Rintik hujan menetes di atap seng tua panti asuhan kecil di pinggiran kota. Bau kayu lembab bercampur tanah basah memenuhi ruangan sempit itu. Di salah satu sudut, seorang anak perempuan duduk dengan kaki terlipat, menatap kaca jendela berembun. Rambutnya berantakan, matanya tidak terlalu sendu, justru kosong tapi... bukan berarti tanpa nyawa.
"Lana," panggil seorang pengasuh dengan suara riang, meski lelahnya jelas terdengar. "Jangan melamun terus. Pergilah bermasa anak-anak lain yang sedang lagi main."
Anak itu-Lana-menoleh sebentar. Senyumnya tipis, lebih seperti basa-basi.
"Mereka Mainnya ribut. Aku engga suka, pusing," jawabnya santai, nada suaranya datar tapi ujung bibirnya sedikit melengkung seperti bercanda.
Pengasuh itu hanya menghela napas. Lana memang berbeda. Anak-anak lain berebut perhatian, suka bertanya tentang orang tua mereka. Lana tidak. Bagi Lana, pertanyaan itu membosankan.
"Apa kamu nggak pernah penasaran, siapa orang tuamu?" tanya pengasuh itu tiba-tiba. Lana mengangkat alis. "Kalau mereka mau ada di sini, mereka pasti udah ada dari dulu, kan? Jadi... ya udah."

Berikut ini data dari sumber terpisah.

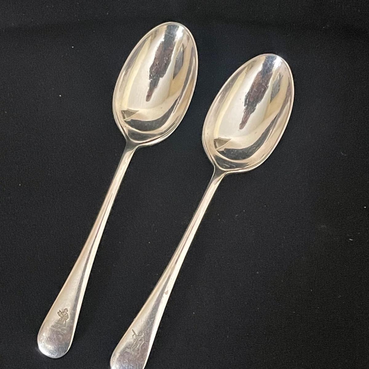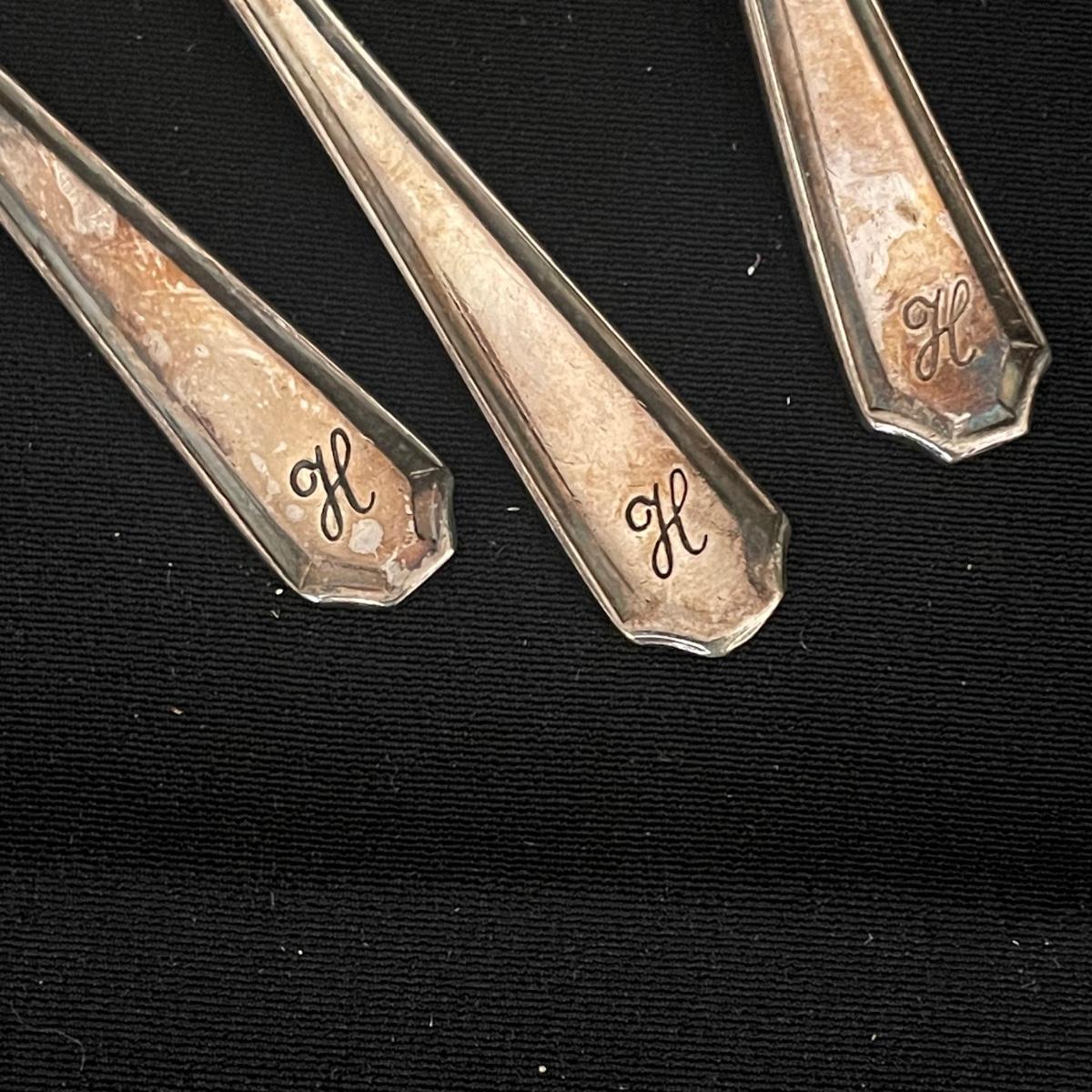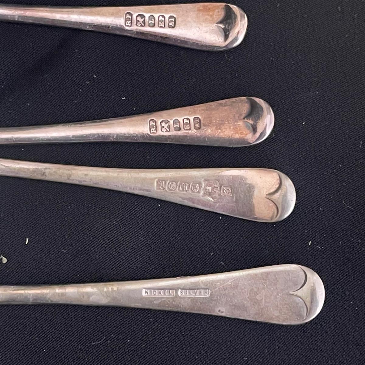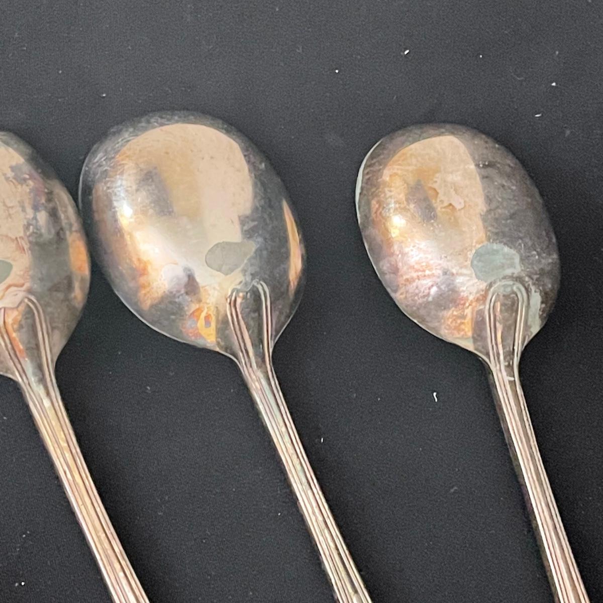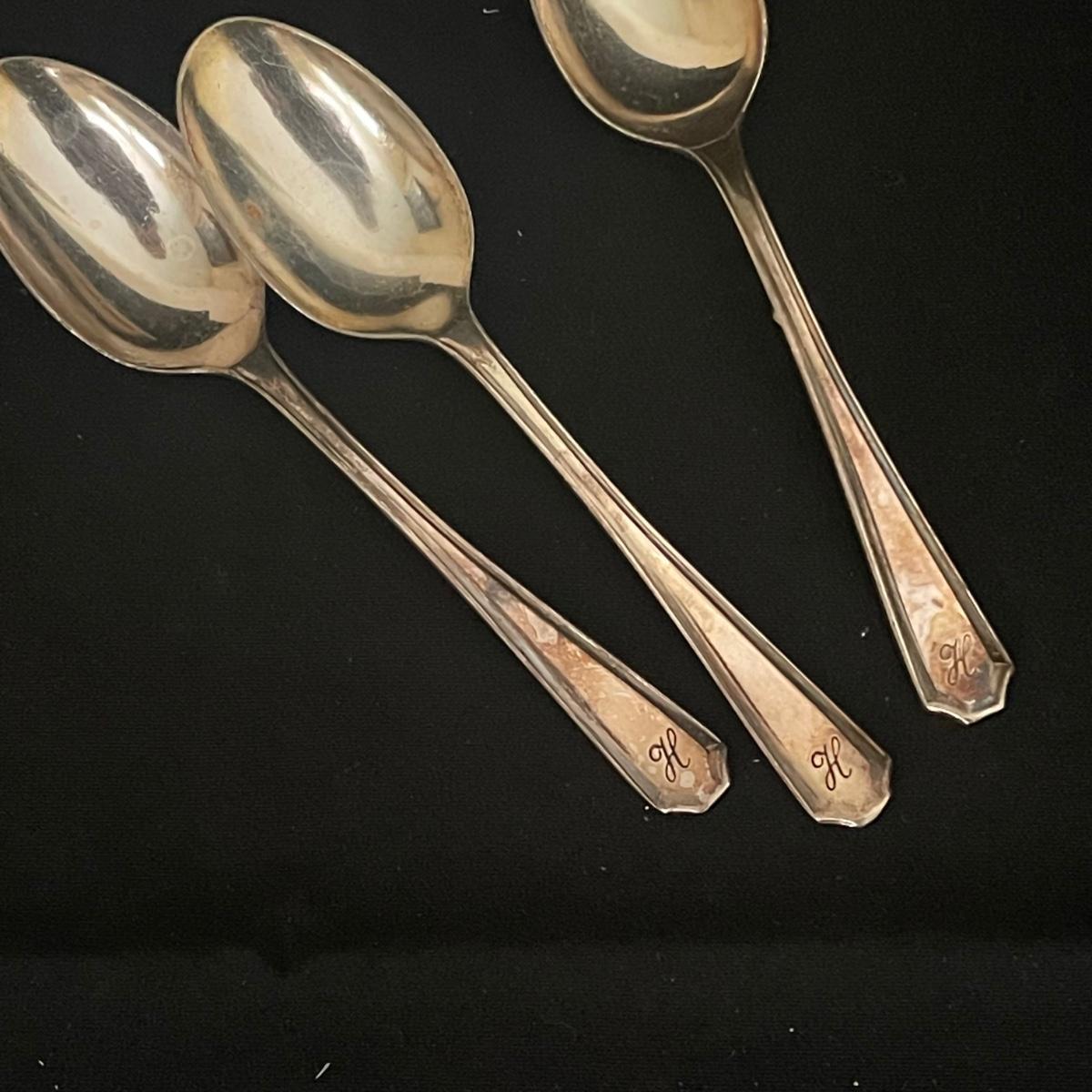 Thirty spoons here that includes tea spoons and larger spoons. One ornate teaspoon is marked sterling, the rest are mostly silver plate, see images for markings.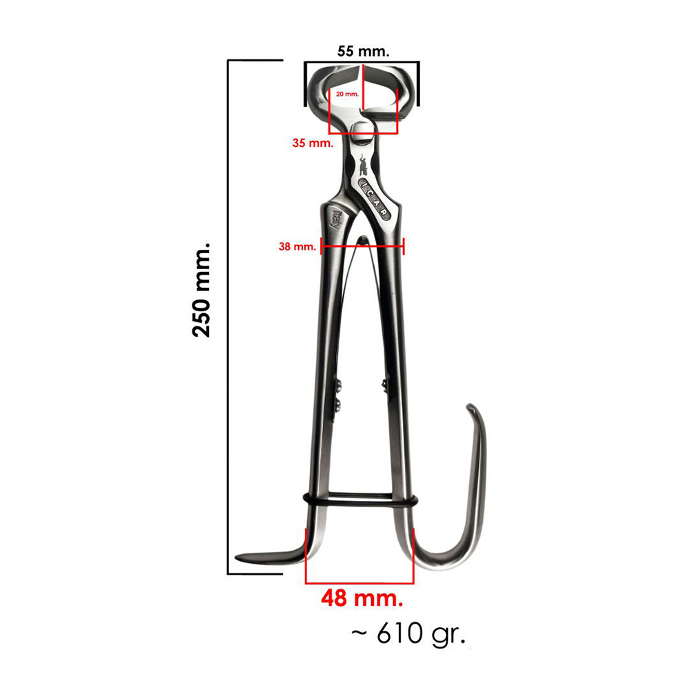 ICAR 1-Hands Föl 10" är en fjäderförsedd verktång designad för att enkelt kunna verka ponny, föl och små hästar med en hand. Tillverkad i Italien av europeiskt stål av högsta kvalitet, erbjuder den optimal balans mellan precision och kraft.
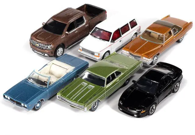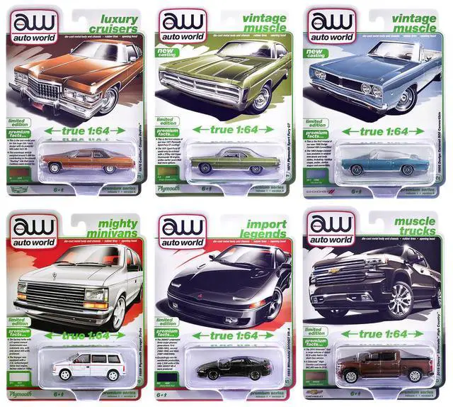 Brand new 1/64 scale diecast car models of Auto World Premium 2026 Release 1 Set A of 6 pieces die cast model cars by Auto World.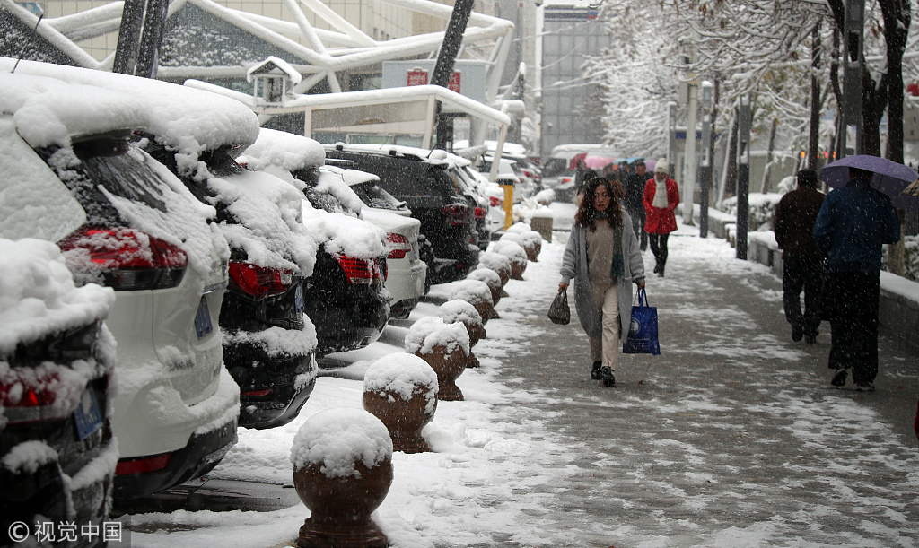 10月18日,行人穿行在烏魯木齊積雪覆蓋的人行道上。當日,新疆烏魯木齊迎來一場降雪。 新華社記者 江文耀 攝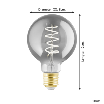 De Eglo LED lichtbron smoke voor gebruik in diverse armaturen is 8 cm. De lichtbron is dimbaar en is een decoratieve lamp die gezien mag worden. De lichtbron van goudkleurig glas en de spiraalvormige draad past in bijna elke interieurstijl. Door de grote fitting (E27) past deze lamp in de meeste armaturen. Het wattage van deze globe is 4 Watt, en de lichtopbrengst is 100 lumen. De kleurtemperatuur is met 2000K warm te noemen.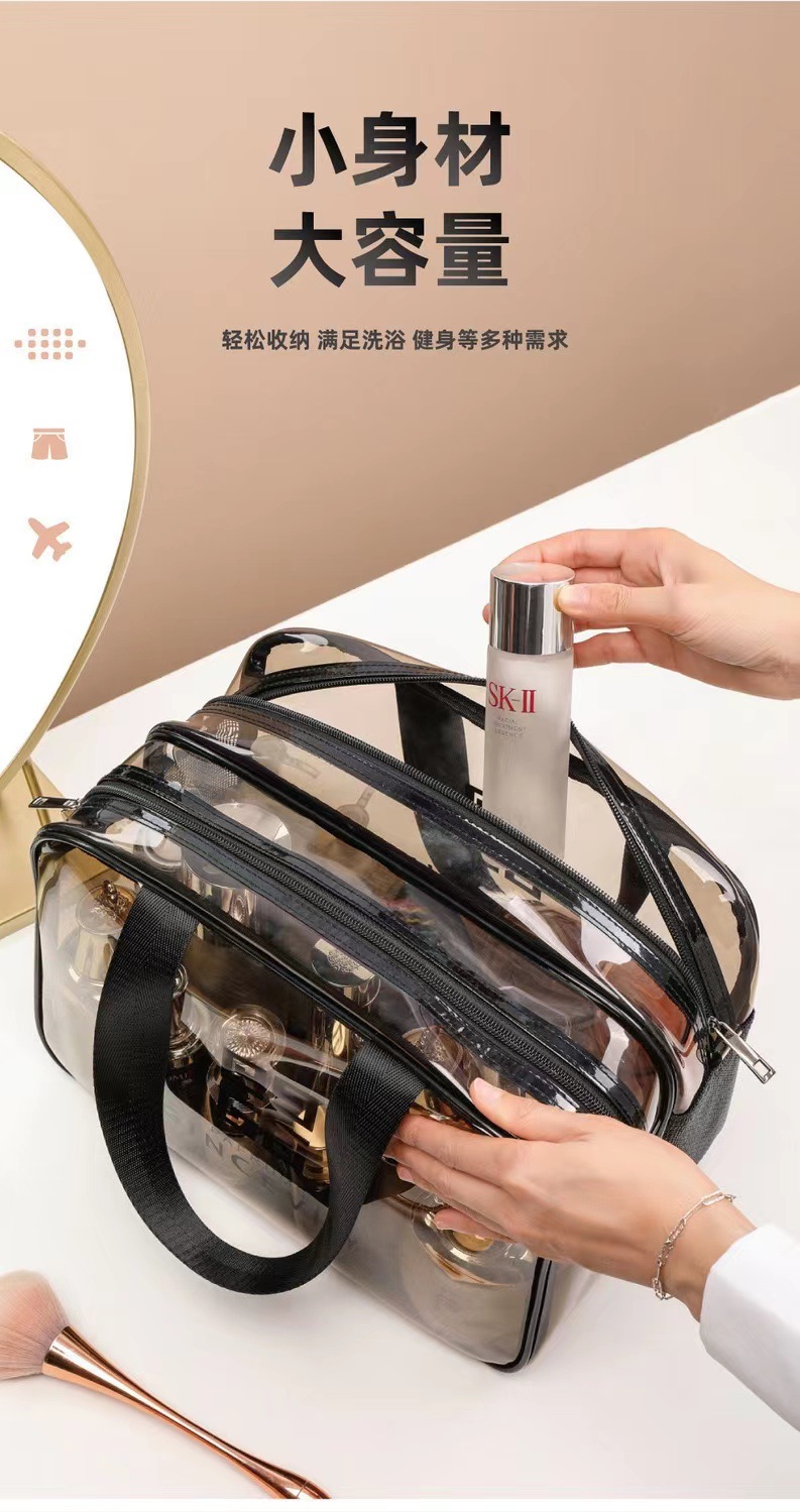 Pvc 투명 화장품 가방 인 스타일 여행 휴대용 방수 휴대용 세탁 가방 스킨 케어 제품 화장품 보관 가방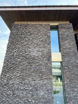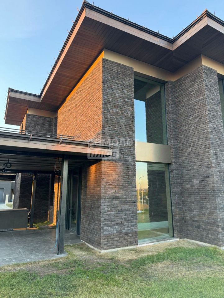 Фасад и архитектура — Монохром тёмно-коричневых оттенков, живая фактура 3D-кладки, эффект парящей крыши. Райтовские свесы в 130 см делают силуэт монументальным. В темноте подсветка превращает дом в арт-объект. Это архитектура, которая останется актуальной и через десятилетия.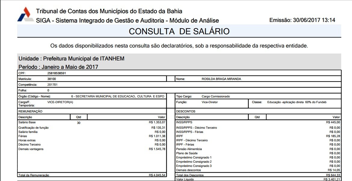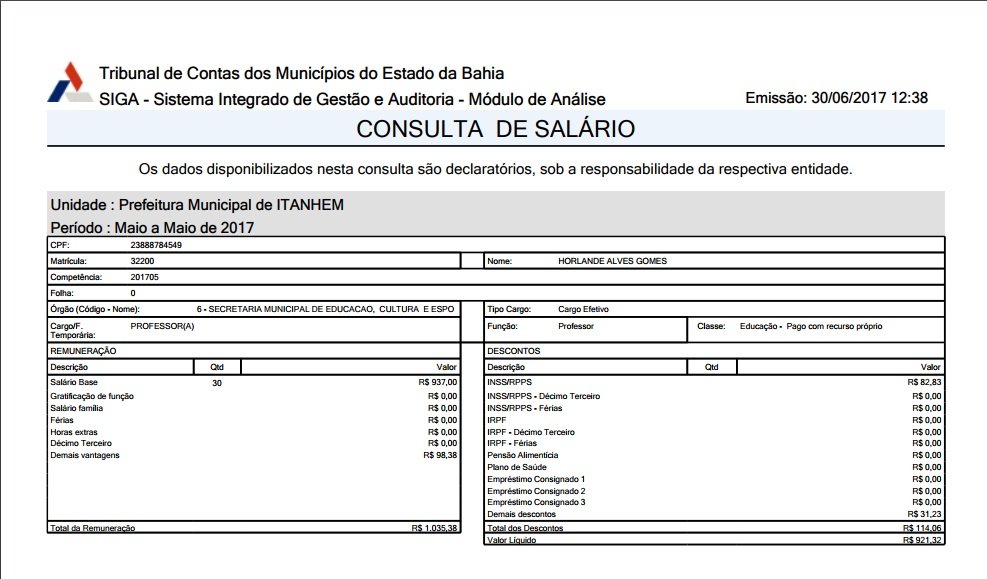 Ao consultar o site do TCM (Tribunal de Contas dos Municípios), constatamos que os proprietários da empresa, Sr. HORLANDE ALVES GOMES, é funcionário público municipal, onde ocupa a profissão de Professor efetivo e ainda, que sua sócia, Rosilda Braga Miranda, também é funcionária pública do município, onde ocupa dois cargos na função de vice diretora escolar e professora.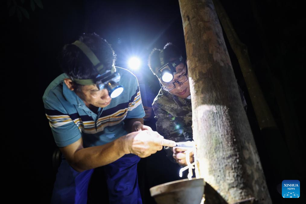 Researchers of Rubber Research Institute under Chinese Academy of Tropical Agricultural Sciences collect latex at a rubber plantation in Danzhou, south China's Hainan Province, June 20, 2024. Thanks to efforts by three generations of Chinese researchers, the rubber tree breeding cycle in the country has been shortened from 41 years to 27 years, and eight high-yielding rubber tree varieties that are cold-resistant and wind-resistant have been bred. (Xinhua/Zhang Liyun)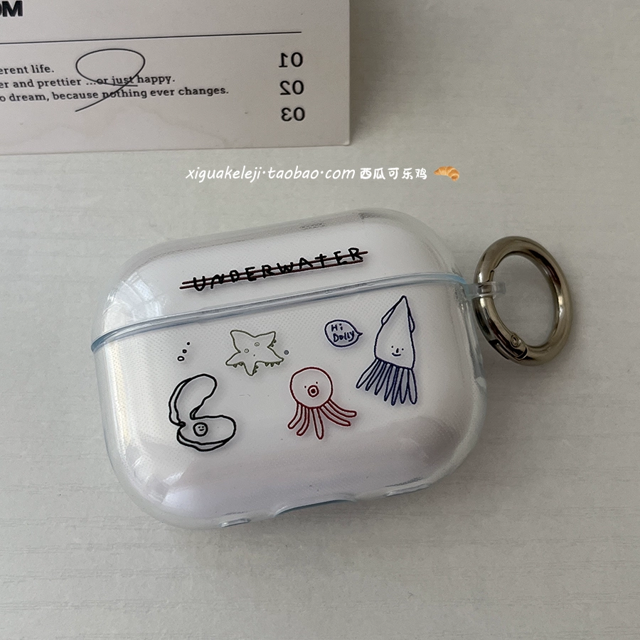 | nameOriginal | Underwater world, niche simple ins style high-end airpods protective cover pro2 generation suitable for Apple earphone case 1/2/3/4/5 2345 transparent silicone soft original cute |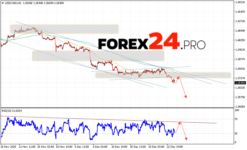 Canadian Dollar Forecast USD/CAD for December 24, 2025 suggests an attempt to test the resistance area near 1.3725. Subsequently, a continued decline below 1.3575 is expected. An additional signal supporting a decline in the Canadian dollar on Forex will be a test of the resistance line on the relative strength indicator. A strong rally and a breakout of 1.3845 would cancel out the downward trend in USD/CAD. This would indicate continued price appreciation with a potential target above 1.4025.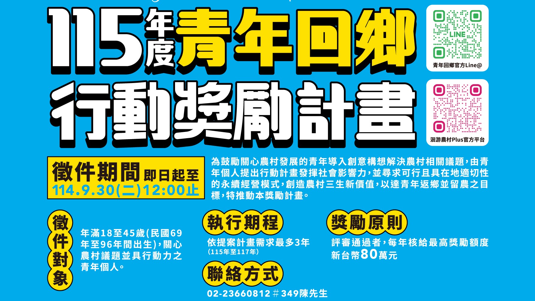 「115年青年回鄉行動獎勵計畫」即日起開放徵件!!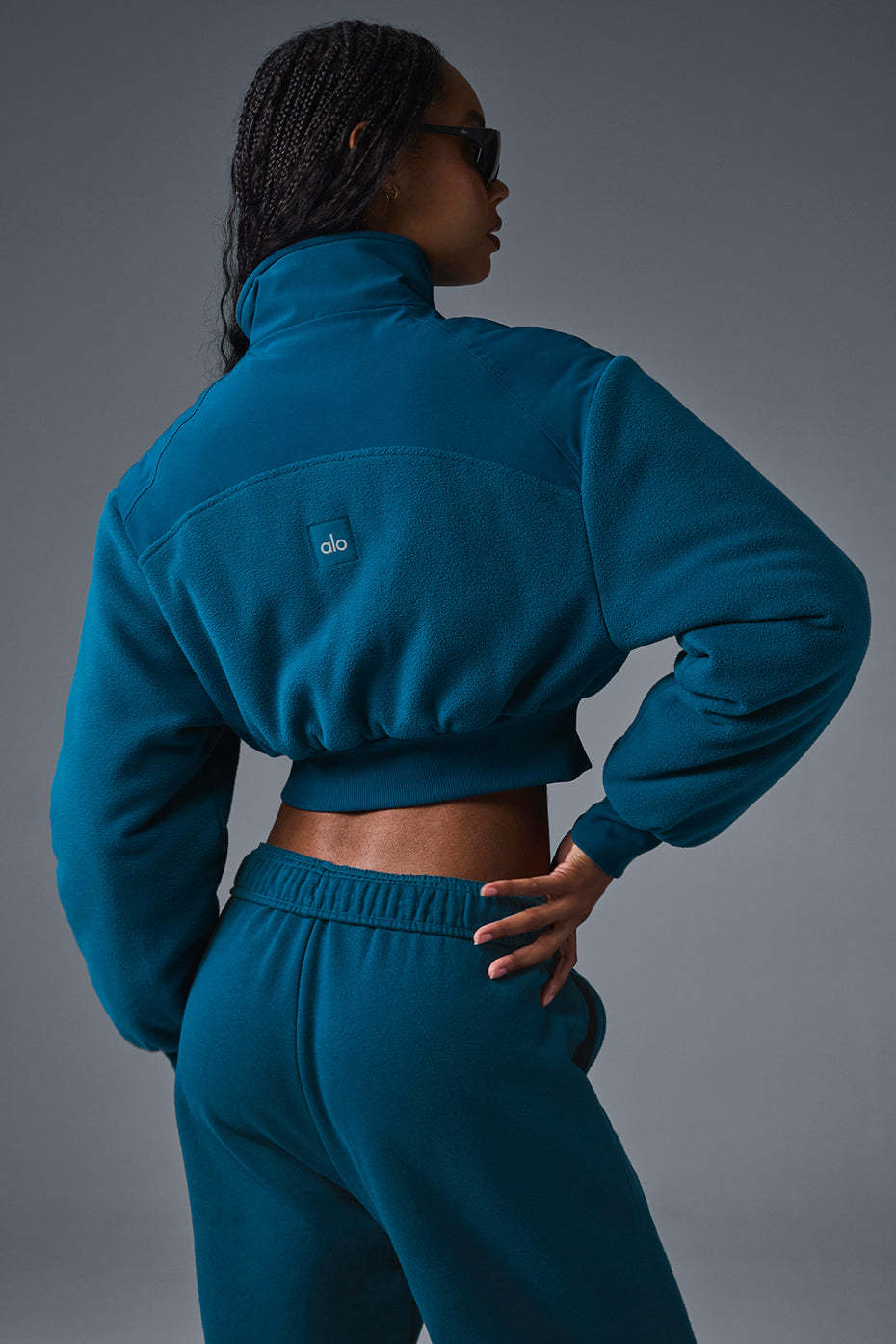 True to size—designed for a slightly puffy silhouette with light fill and a cropped hemUltra-soft, fleecy fabric with smooth, contrasting panels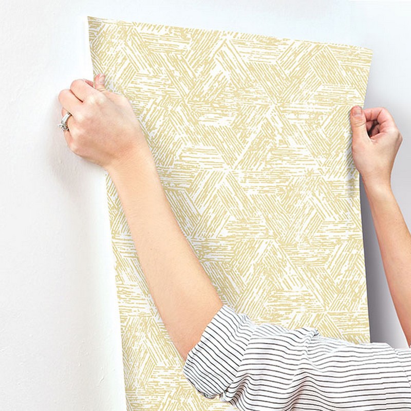 Bring comforting dimension to your interiors with this charming geometric wallpaper. The triangular white and yellow segments are imbued with texture for added depth. Retreat is an unpasted, non woven wallpaper measuring 20.5 inches wide by 33 feet long, covering approximately 56.4 square feet per roll.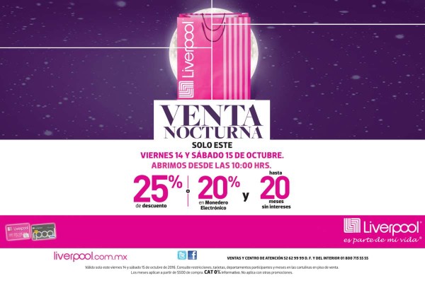 Liverpool tiene su Venta Nocturna sólo este viernes 14 y sábado 15 de octubre desde las 10:00AM.

Jawaban itu sederhana, tapi menyimpan jarak. Lana tidak menolak kenyataan, tapi juga tidak mencarinya. Tapi ia tidak tahu apa yang akan menantikannya dimasa yang akan datang.
"di lahirkan oleh orang orang sekuat baja, bertemu dengan orang orang yang kuat layaknya berlian, namun sayangnya aku hanyalah sebuah kaca yang gampang pecah."
- Caine Chana
!! WARN, Tidak ada BxB, alur cerita tidak sama dengan yang asli, beserta cerita ini pure dari otak authornya yang stress ampe muter banyak lagu untuk referensi!!